Dividends and Shareholder Returns

Atlantica has a history of providing consistent dividends to its shareholders. In 2023, the dividend yield was approximately 5.2%, distributing around $1.10 per share annually. The company focuses on returning value to shareholders while maintaining investment in sustainable projects.

Future Projects and Growth Strategy

The company plans to expand its portfolio by entering new markets and investing in emerging technologies, such as energy storage and green hydrogen.

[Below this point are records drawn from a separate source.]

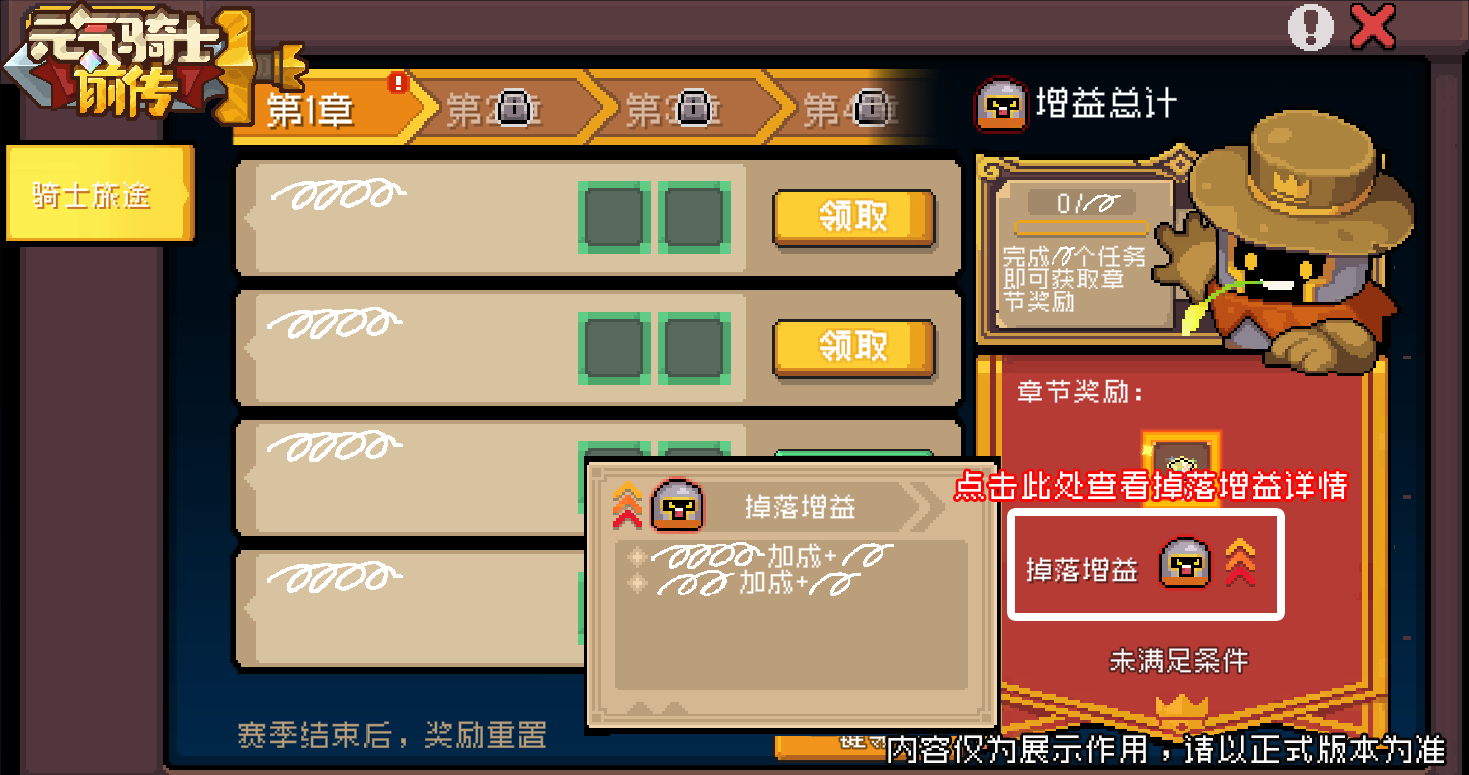 领取章节奖励可额外获得掉落增益,掉落增益仅在SS1赛季中对纯净赛季角色生效,SS1赛季结束后掉落增益将消失。若小骑士未完成指定数量的当前章节任务,则会在右下角显示“未满足条件”,无法触发掉落增益。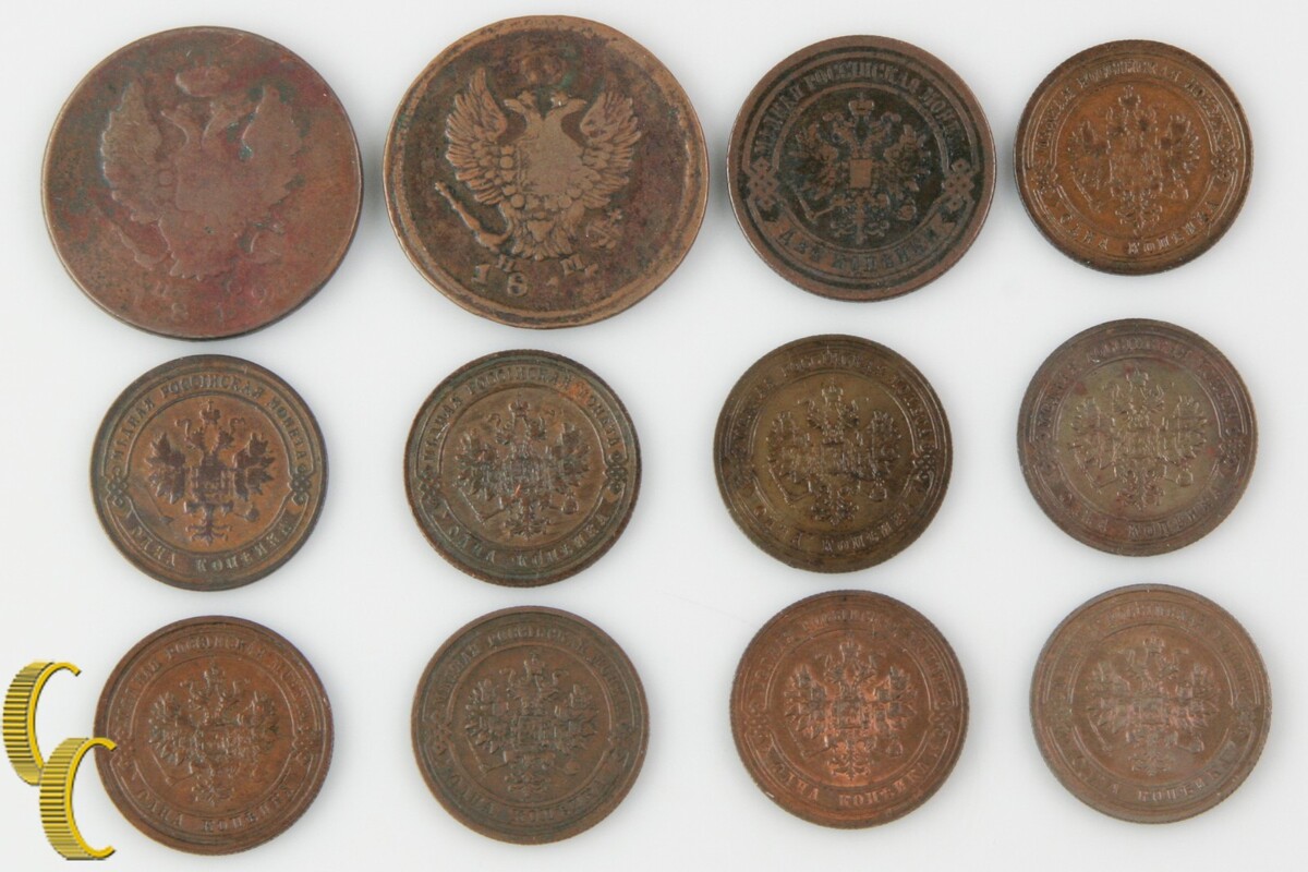 1812-1912 Impero russo 1 e 2 lotto di Kopek (12 monete)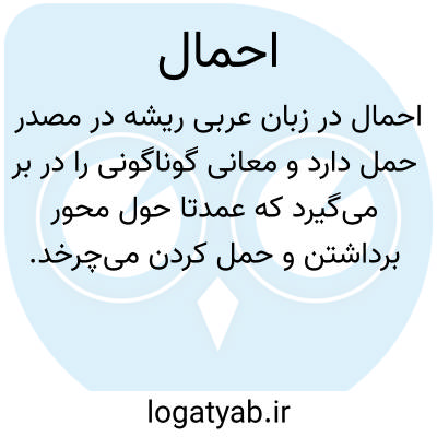 احمال در زبان عربی ریشه در مصدر حَمْل دارد و معانی گوناگونی را در بر می‌گیرد که عمدتاً حول محور برداشتن و حمل کردن می‌چرخد. یکی از معانی اصلی آن در متون کلاسیک، یاری رساندن به فردی در جهت بار نهادن یا برداشتن بار است، که در تاج المصادر به صورت یاری دادن در بار برنهادن تعریف شده است. همچنین، یک اصطلاح خاص در زمینه دامداری و مامایی وجود دارد که به احمال مراءة یا ناقه اشاره دارد؛ این عبارت به فرآیند روان شدن و ریختن شیر از پستان زن یا شتر ماده، پیش از زمان مقرر یا بدون آنکه حاملگی یا آبستنی رخ داده باشد، اطلاق می‌گردد.

Projected growth includes:

  • Investment of approximately $600 million in new projects over the next two years
  • Targeting an increase in total capacity to over 3,000 MW by 2025

Conclusion on Operating Model

Atlantica Sustainable Infrastructure operates on a model that emphasizes sustainability, financial performance, and shareholder returns while navigating a complex regulatory framework across diverse geographical markets.

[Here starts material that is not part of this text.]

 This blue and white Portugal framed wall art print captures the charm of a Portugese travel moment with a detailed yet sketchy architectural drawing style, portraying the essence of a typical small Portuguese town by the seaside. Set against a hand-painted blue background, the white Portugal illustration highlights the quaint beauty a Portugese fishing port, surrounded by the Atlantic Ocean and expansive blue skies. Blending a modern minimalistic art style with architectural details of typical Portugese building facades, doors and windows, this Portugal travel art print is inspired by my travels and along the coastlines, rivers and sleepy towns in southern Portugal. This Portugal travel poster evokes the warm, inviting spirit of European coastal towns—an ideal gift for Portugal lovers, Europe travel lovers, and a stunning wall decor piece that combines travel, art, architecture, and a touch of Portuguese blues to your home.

How Atlantica Sustainable Infrastructure plc (AY) Makes Money

Revenue Streams

Atlantica Sustainable Infrastructure plc generates revenue through the following primary sources:

  • Long-term contracts in energy generation
  • Infrastructure services
  • Market-based energy sales

Energy Generation

The company operates a diversified portfolio of renewable energy assets, including solar, wind, and hydropower facilities. As of 2022, Atlantica generated approximately $520 million in revenue from energy generation.

Breakdown by energy type:

Energy Source Revenue ($ millions) Percentage of Total Revenue
Solar 250 48%
Wind 160 31%
Hydropower 110 21%

Contracts and Agreements

Atlantica engages in long-term power purchase agreements (PPAs) that provide stable cash flows. As of 2023, approximately 90% of its revenue was secured through these contracts, allowing for predictable income streams.

Infrastructure Services

The company also derives revenue from operating infrastructure assets, specifically in water and waste management sectors. In 2022, revenue from infrastructure services was approximately $150 million.

Financial Performance

As of Q2 2023, Atlantica reported the following key financial metrics:

Metric Value
Total Revenue $670 million
Net Profit $45 million
EBITDA $400 million
Debt to Equity Ratio 1.5

Growth Strategy

Atlantica aims to expand its asset base and enhance revenue by:

  • Investing in new renewable energy projects
  • Expanding geographic reach, particularly in emerging markets
  • Acquiring operational infrastructure assets

Market Trends

As of 2023, the global renewable energy market is projected to grow at a CAGR of 8.4% from 2021 to 2028, providing a favorable environment for Atlantica's growth initiatives. The company's market cap was approximately $1.1 billion as of the end of 2022.